Neck and Shoulder Stretch -
Stand with the feet shoulder width apart and the arms behind the body. Grasp
the left wrist with the right hand. Pull the left arm down and to the right.
Tilt the head to the right. Hold this position for 10 to 15 seconds. Repeat
the action with the right wrist, pulling the right arm down and to the left.
Tilt the head to the left.

Abdominal Stretch - Stand and
extend the arms upward and over the head. Interlace the fingers with palms
turned upward. Stretch the arms up and slightly back. Hold this position for
10 to 15 seconds.

Chest Stretch - Stand and
interlace the fingers behind the back. Lift the arms behind so that they move
outward and away from the body. Lean forward from the waist. Hold this
position for 10 to 15 seconds. Bend the knees before moving to the upright
position. Return to the starting position.

Upper-back Stretch -
Stand with the arms extended to the front at
shoulder height with the fingers interlaced and palms facing outward. Extend the
arms and shoulders forward. Hold this position for 10 to 15 seconds. Return to
the starting position.

Overhead Arm Pull - Stand
with the feet shoulder width apart. Raise the right arm, bending the right
elbow and touching the right elbow and touching the right hand to the back of
the neck.
Grab
the right elbow with the left hand, and pull to the left. Hold this position
for 10 to 15 seconds. Return to the starting position. Do the same stretch,
and pull the left elbow with the right hand for 10 to 15 seconds.

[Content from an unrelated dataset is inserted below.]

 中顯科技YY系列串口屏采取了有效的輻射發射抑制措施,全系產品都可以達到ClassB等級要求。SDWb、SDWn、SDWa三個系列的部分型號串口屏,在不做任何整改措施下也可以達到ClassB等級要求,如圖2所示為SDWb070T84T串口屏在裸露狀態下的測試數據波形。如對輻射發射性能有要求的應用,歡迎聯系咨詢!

Thigh Stretch - Stand or lie
on the stomach. Bend the left leg up toward the buttocks. Grasp the toes of
the left foot with the right hand, and the heel to the left buttock. Extend the
left arm to the side for balance. Hold this position for 10 to 15 seconds.
Return to the starting position. Switch sides.

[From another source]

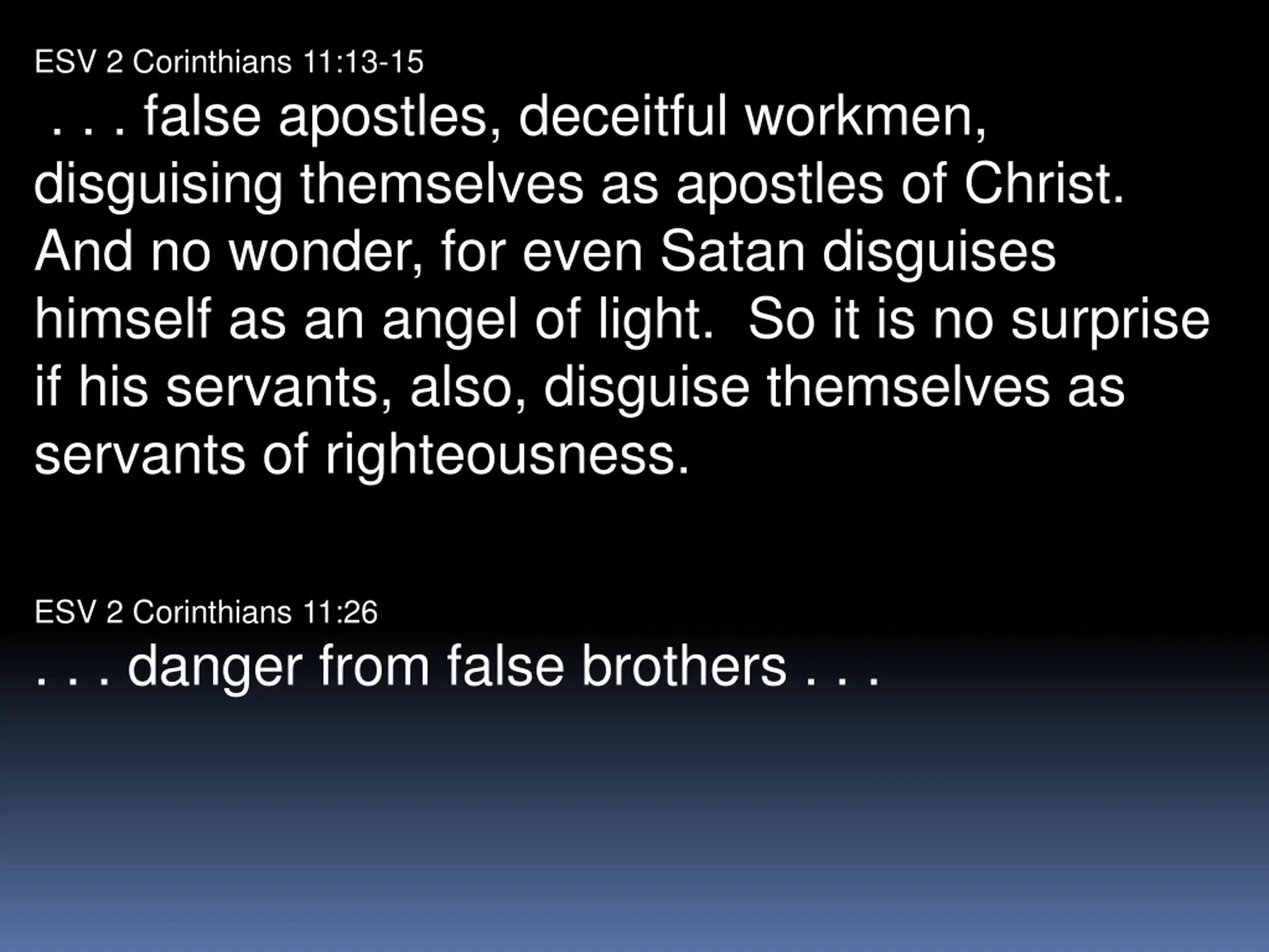 ESV 2 Corinthians 11:13-15 . . . false apostles, deceitful workmen, disguising themselves as apostles of Christ. And no wonder, for even Satan disguises himself as an angel of light. So it is no surprise if his servants, also, disguise themselves as servants of righteousness. ESV 2 Corinthians 11:26 . . . danger from false brothers . . .

Hamstring Stretch (Standing)
- Stand with the knees slightly bent. Bend forward keeping the head up, and
reach toward the toes. Straighten the legs, and hold this position for 10 to 15
seconds.

Hamstring Stretch (Seated) -
Sit on the ground with both legs straight and extended forward with the feet
upright about six inches apart. Put the hands on the ankles or toes. Bend from
the hips, keeping the back and head in a comfortable, straight line. Hold this
position for 10 to 15 seconds.

Groin Stretch (Standing) -
Lunge over to the left while keeping the right leg straight, the right foot
facing straight ahead and entirely on the floor. Lean over the left leg while
stretching the right groin muscles. Hold this position for 10 to 15 seconds.
Repeat with the opposite leg.

Groin Stretch (Seated) - Sit
on the ground with the soles together. Place the hands on or near he feet.
Bend forward from the hips, keeping the head up. Hold this position for 10 to
15 seconds.

Calf Stretch - Stand straight
with the feet together, arms extended downward, elbows locked, palms facing
backward, fingers extended and joined, and head and eyes facing front. Move the
right foot to the rear about two feet, and place the ball of the foot on the
ground. Slowly press the right heel to the ground. Slowly bend the left knee
while pushing the hips forward and arching the back slightly. Hold this
position for 10 to 15 seconds. Return to the starting position. Repeat with
the left foot.

Hip and Back Stretch (Seated)
– Sit on the ground with the right leg forward and straight. Cross the left
leg over the right while sitting erect. Keep the heels of both feet in contact
with the ground. Slowly rotate the upper body to the left and look over the
left shoulder. Reach across the left leg with the right arm, and push the left
leg to your right. Use the left hand for support by placing it on the ground.
Hold this position for 10 to 15 seconds. Repeat this stretch for the other side
by crossing and turning in the opposite direction.

Hip and Back Stretch (Lying Down) -
Lie on the back with the arms straight beside the body. Keep the legs straight
and the knees and feet together. Bring the left leg straight back toward the
head, leaving the right leg in the starting position. Bring the head and arms
up. Grab the bent left leg below the knee, and pull it gradually to the chest.
Hold this position for 10 to 15 seconds. Gradually return to the starting
position. Repeat these motions with the opposite leg.
Variation - Pull both knees to the chest. Pull the head up to the knees. Hold
for 10 to 15 seconds. Return to the starting position.